PROBLEM DETAILS »
Copy each line of the listing below exactly and drop the images.

INFORMATION SHOWN »
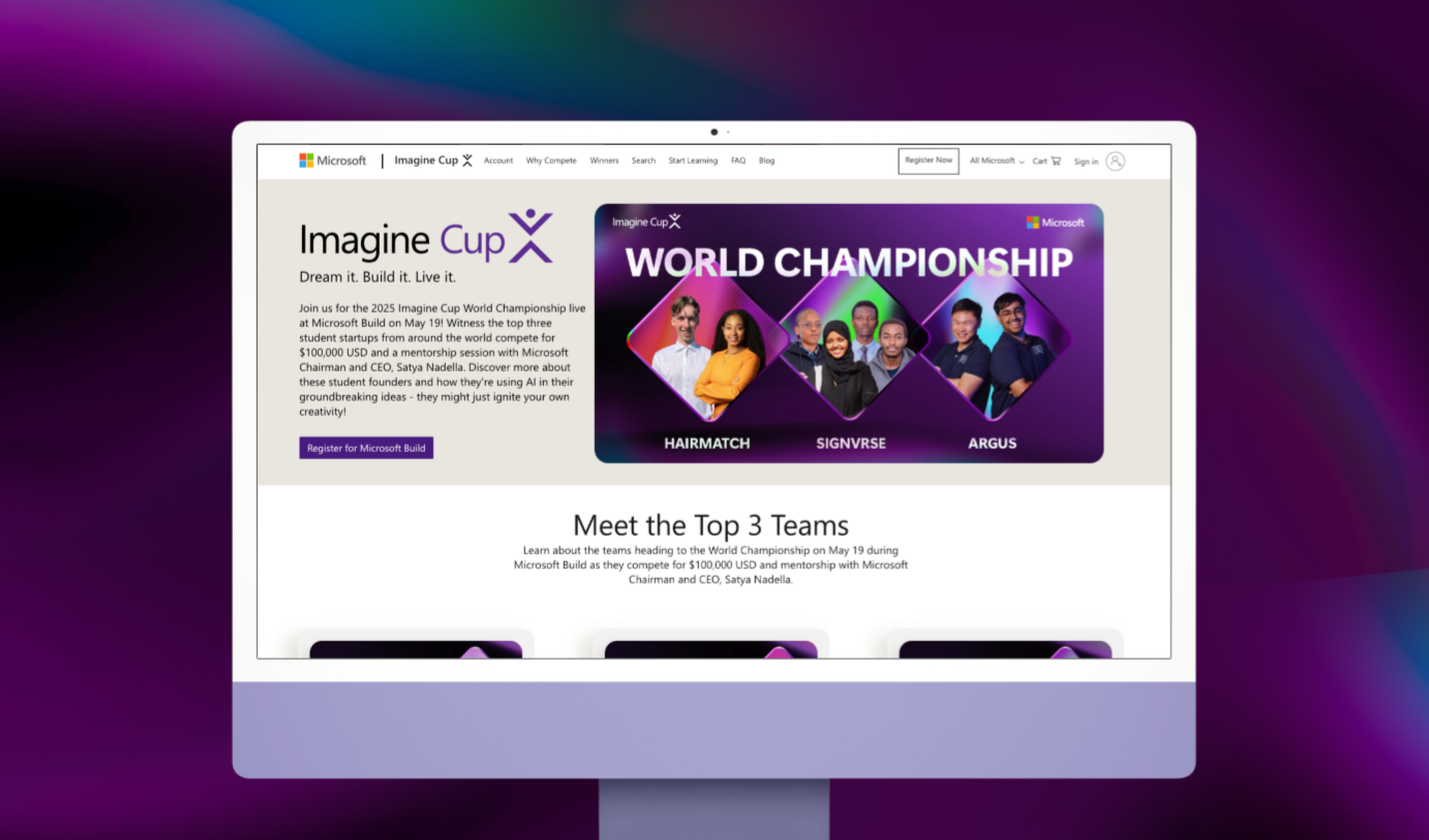 Overview: Imagine Cup is the global student developer competition that empowers participants to unleash their passion and purpose by creating innovative solutions to real-world problems. Each year, it debuts a fresh brand look to inspire and engage participants.
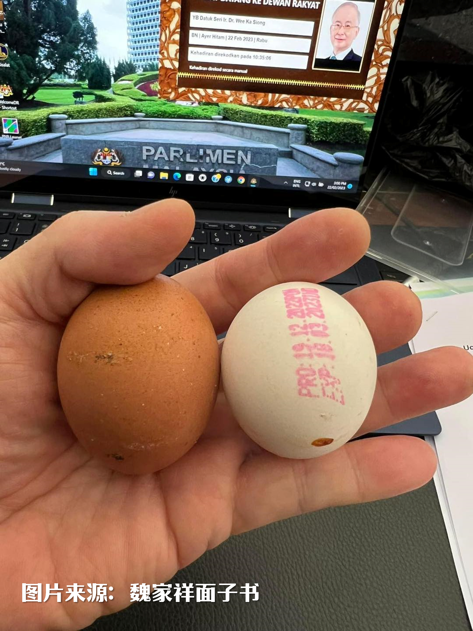 较早前,魏家祥曾在国会挑起鸡蛋短缺问题,更当场拿出3粒鸡蛋对比,指印度进口的鸡蛋又小又贵。
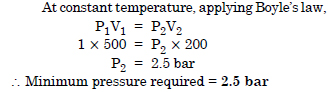 What will be the minimum pressure required to compress 500 dm3 of air at 1 bar to 200 dm3 at 30º C ?
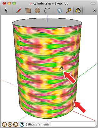 2 Click the Select tool in the toolbar and click the vertical side of the cylinder to select it.
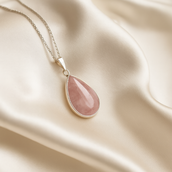 Este collar de Cuarzo Rosa, con virola bañada en plata, irradia una energía suave y amorosa que favorece la calma emocional y el amor propio. Es una piedra ideal para quienes desean conectar con la ternura, la compasión y la sanación del corazón.
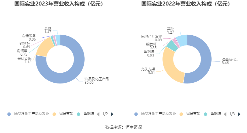 分产品看,油品及化工产品批发业、光伏支架、角钢塔2023年毛利率分别为0.97%、28.80%、20.46%。
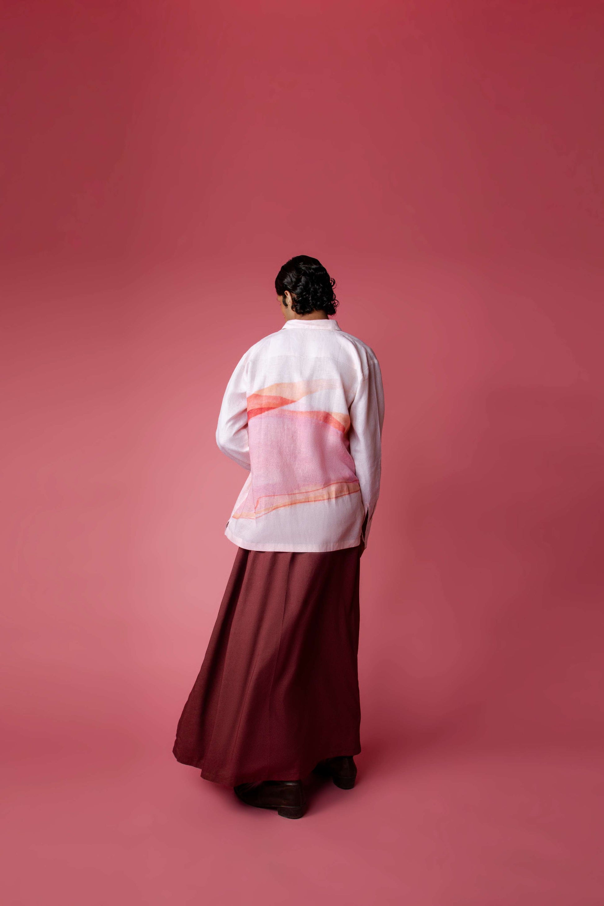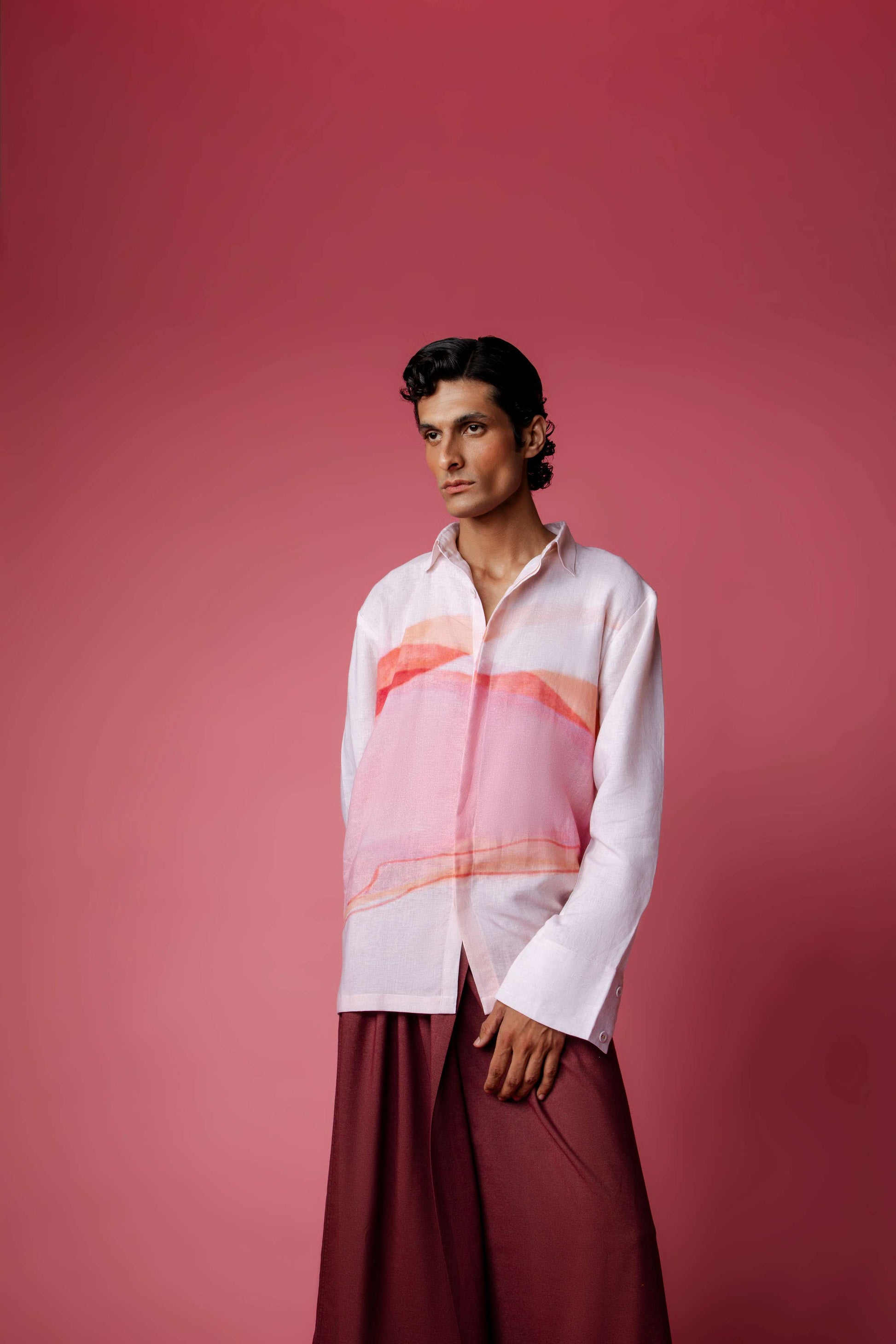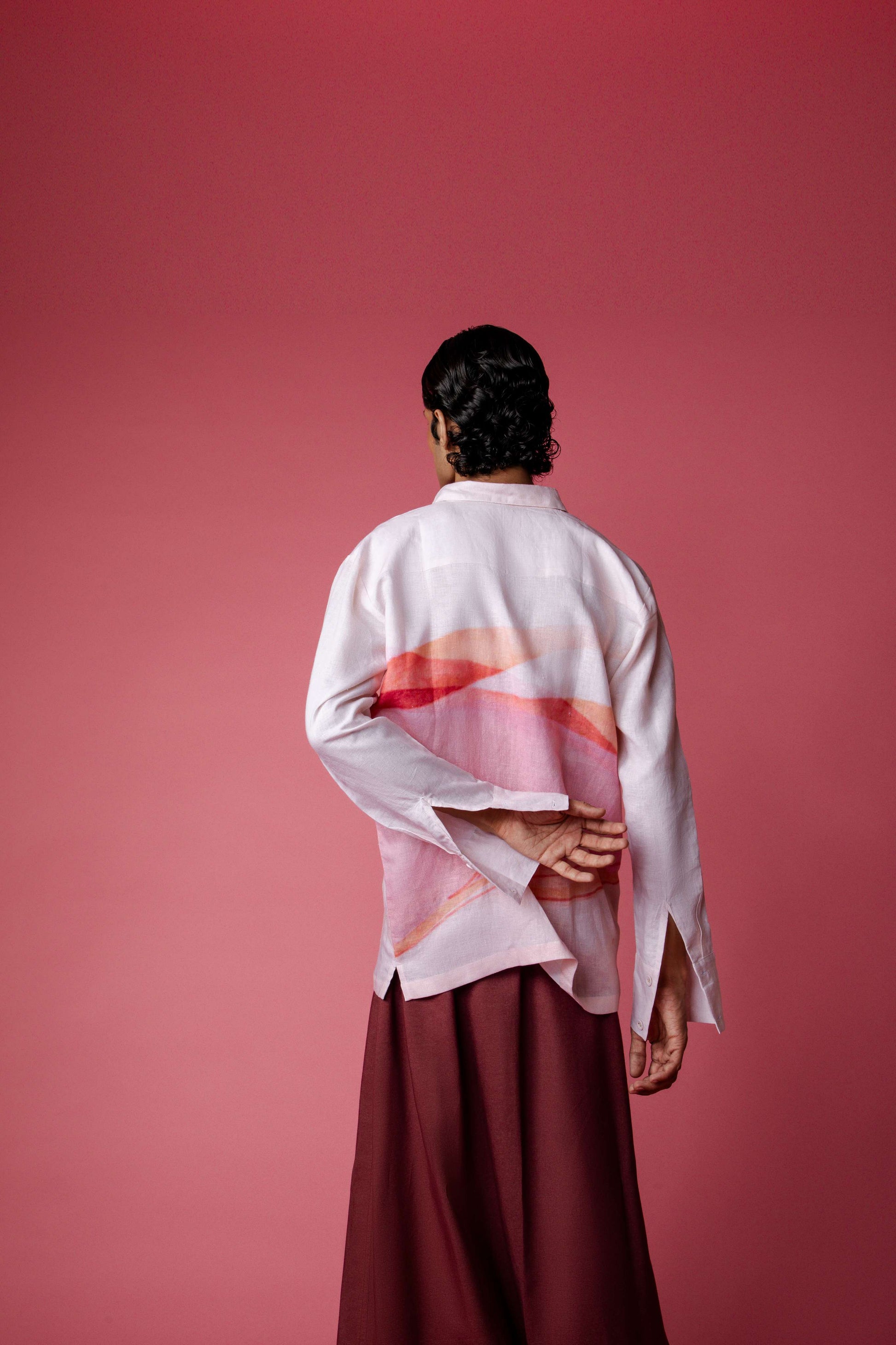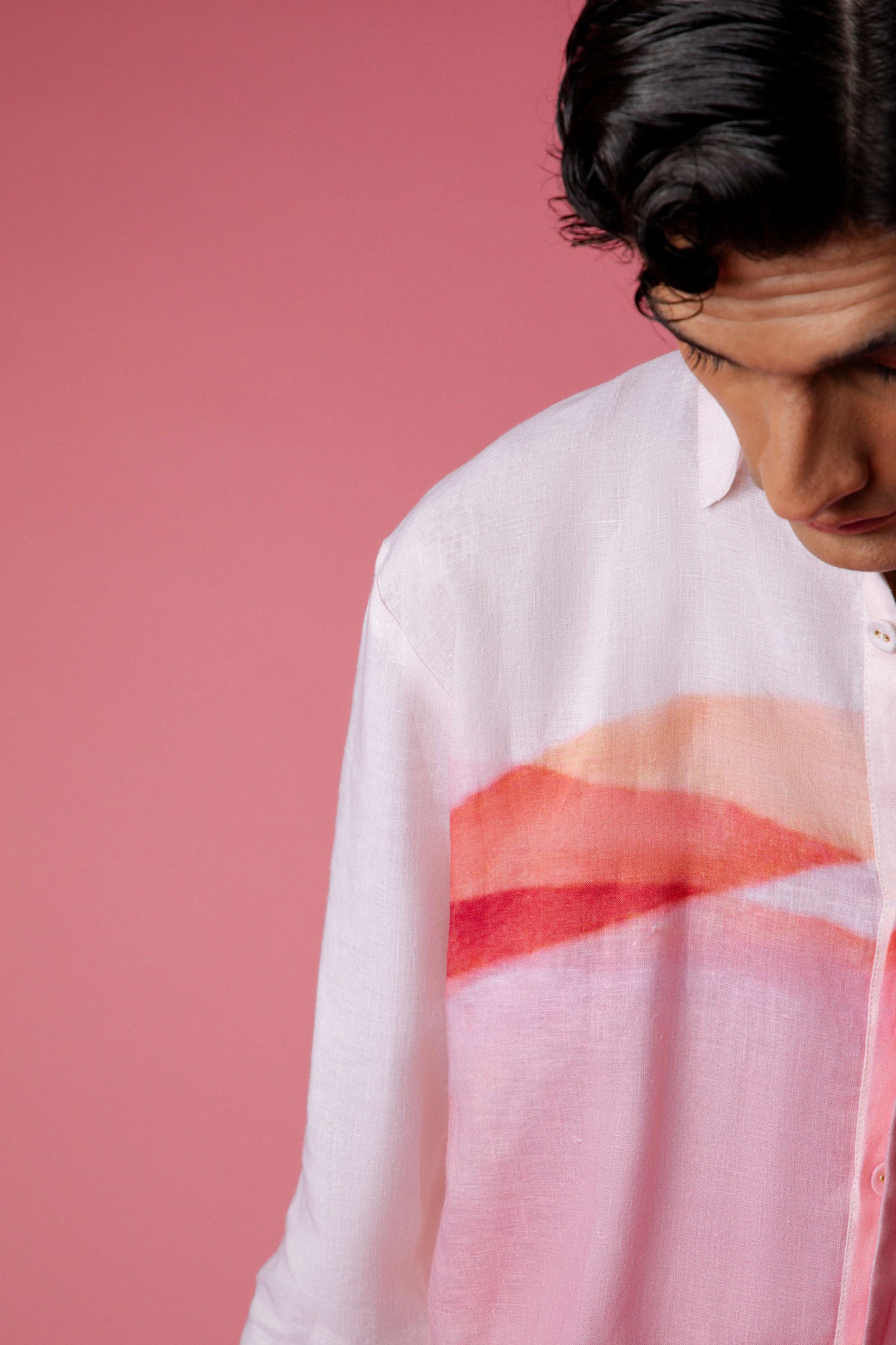 This lightweight, dapper shirt blends artful ease and effortless cool. Bold in light coral brushstroke stripes that dance across a soft cream canvas, turning it into a statement. The relaxed fit and open collar keep things unforced in a relaxing style with substance. Known for craftsmanship, the "Cut the Crap by Arva" label signals deliberate simplicity, not sloppy ease. Wear it confident, wear it easy—no nonsense required.

SOLVED PROBLEM »
 Overview: Imagine Cup is the global student developer competition that empowers participants to unleash their passion and purpose by creating innovative solutions to real-world problems. Each year, it debuts a fresh brand look to inspire and engage participants.
 较早前,魏家祥曾在国会挑起鸡蛋短缺问题,更当场拿出3粒鸡蛋对比,指印度进口的鸡蛋又小又贵。
 What will be the minimum pressure required to compress 500 dm3 of air at 1 bar to 200 dm3 at 30º C ?
 2 Click the Select tool in the toolbar and click the vertical side of the cylinder to select it.
 Este collar de Cuarzo Rosa, con virola bañada en plata, irradia una energía suave y amorosa que favorece la calma emocional y el amor propio. Es una piedra ideal para quienes desean conectar con la ternura, la compasión y la sanación del corazón.
 分产品看,油品及化工产品批发业、光伏支架、角钢塔2023年毛利率分别为0.97%、28.80%、20.46%。
 This lightweight, dapper shirt blends artful ease and effortless cool. Bold in light coral brushstroke stripes that dance across a soft cream canvas, turning it into a statement. The relaxed fit and open collar keep things unforced in a relaxing style with substance. Known for craftsmanship, the "Cut the Crap by Arva" label signals deliberate simplicity, not sloppy ease. Wear it confident, wear it easy—no nonsense required.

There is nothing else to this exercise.